What were the important findings?

  • Constant-Murley scores were significantly increased in both groups from baseline (Group A: 43.5 +/- 6.1; Group B: 44.05 +/- 8.9) to 1 year (Group A: 88 +/- 10, p=0.0097; Group B: 59 +/- 7.9, p=0.0049) and 4 years (Group A: 94.2 +/- 4.9, p=0.0093; Group B: 85.9 +/- 16, p=0.0089). There was a significant between-group difference at 1 year (p=0.0092) favouring group A, however this statistical significance was lost at 4 years (p=0.0626).
  • In Group A, UCLA scores were 17.8 +/- 1.8 and 18.2 +/- 1.7 at 1 and 4 years, respectively. Group B UCLA scores were 11.8 +/- 4.9 and 15.4 +/- 4.2 at 1 and 4 years, respectively.
  • 85% (17) of patients in Group A and 55% (14) of patients in Group B had "good" patient satisfaction. Improvement was significant at 1 (p=0.011) and 4 years (p=0.014) in both groups. Satisfaction was not related to the degree of AC joint reduction.
  • Immediately following surgery, radiological imaging revealed that 19 patients in Group A (95%) and 12 patients in Group B (60%) had stable AC joints.
  • At 2 months, in Group A, one shoulder had subluxated, and another had completely dislocated. At 1 year, an additional 3 patients in this group (20%) had suffered a subluxation. No other cases of instability were recorded at 4 years (i.e. total number of subluxations and complete dislocations at study completion were 4 and 1, respectively). The number of subluxated shoulders at 4 years did not correlate with clinical scores.
  • At 2 months, in Group B, complete dislocation was found in 1 patient (5%) and subluxation was observed in another patient (5%). At 1 year, an additional 3 patients (20%) had suffered a subluxation and an additional 1 patient (5%) had suffered a complete dislocation. No other cases of instability were recorded at 4 years (i.e. total number of subluxations and complete dislocations at study completion were 4 and 2, respectively). The number of subluxated shoulders at 4 years did not correlate with clinical scores.
  • Incomplete coracoid ossification was found in 5 patients (25%) at 1 year in Group A, as well as in 7 patients (35%) at 1 year and in 1 patient (5%) at 4 years in Group B. There was no correlation between clinical scores and coracoclavicular ossification.
  • At 1 year, 4 patients (20%) in Group A and 11 patients (55%) in Group B were found to have an arthritic AC joint. At 4 years, these numbers were 8 (40%) and 2 (10%) in Groups A and B, respectively. There was no correlation between clinical scores and AC joint osteoarthritis.
  • At 2 months, two patients (10%) in Group B displayed osteolysis around the screws.These numbers were 5 (20%) in Group A and 16 (80%) in Group B at 1 year, and 13 (65%) in Group A and 20 (100%) in Group B at 4 years. There was no correlation between clinical scores and clavicular osteolysis.
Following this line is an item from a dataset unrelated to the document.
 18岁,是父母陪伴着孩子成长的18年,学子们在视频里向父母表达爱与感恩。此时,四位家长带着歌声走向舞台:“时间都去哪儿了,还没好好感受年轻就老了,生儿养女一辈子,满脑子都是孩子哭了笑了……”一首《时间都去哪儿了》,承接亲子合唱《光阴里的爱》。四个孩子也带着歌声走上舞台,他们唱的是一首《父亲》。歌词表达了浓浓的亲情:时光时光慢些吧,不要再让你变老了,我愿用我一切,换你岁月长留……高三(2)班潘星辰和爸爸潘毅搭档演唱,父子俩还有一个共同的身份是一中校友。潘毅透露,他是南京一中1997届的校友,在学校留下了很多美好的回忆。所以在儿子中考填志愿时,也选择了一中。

What should I remember most?

Patients undergoing surgical acromioclavicular (AC) joint stabilization with a biological graft had significantly better Constant-Murley scores at 1 year compared to those who underwent the procedure using a synthetic ligament. This difference was not significant at the 4-year follow-up. Clinical scores did not correlate with the number of subluxated shoulders, coracoclavicular ossification, AC joint osteoarthritis, or clavicular osteolysis. Furthermore, patient satisfaction was not related to the degree of AC joint reduction.

How will this affect the care of my patients?
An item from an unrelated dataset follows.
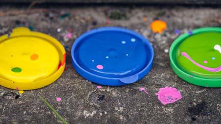 jars with gouache of different colors on Colored background. hobby painting. Top view with empty space. workplace for creativity. home teaching concept drawing.

Results from this study suggest biological grafts are a suitable alternative to synthetic ligaments in surgical acromioclavicular (AC) joint stabilization procedures, however additional studies with larger sample sizes are required to confirm these findings. Future studies should also focus on improving graft fixation to the clavicle regardless of the technique being used.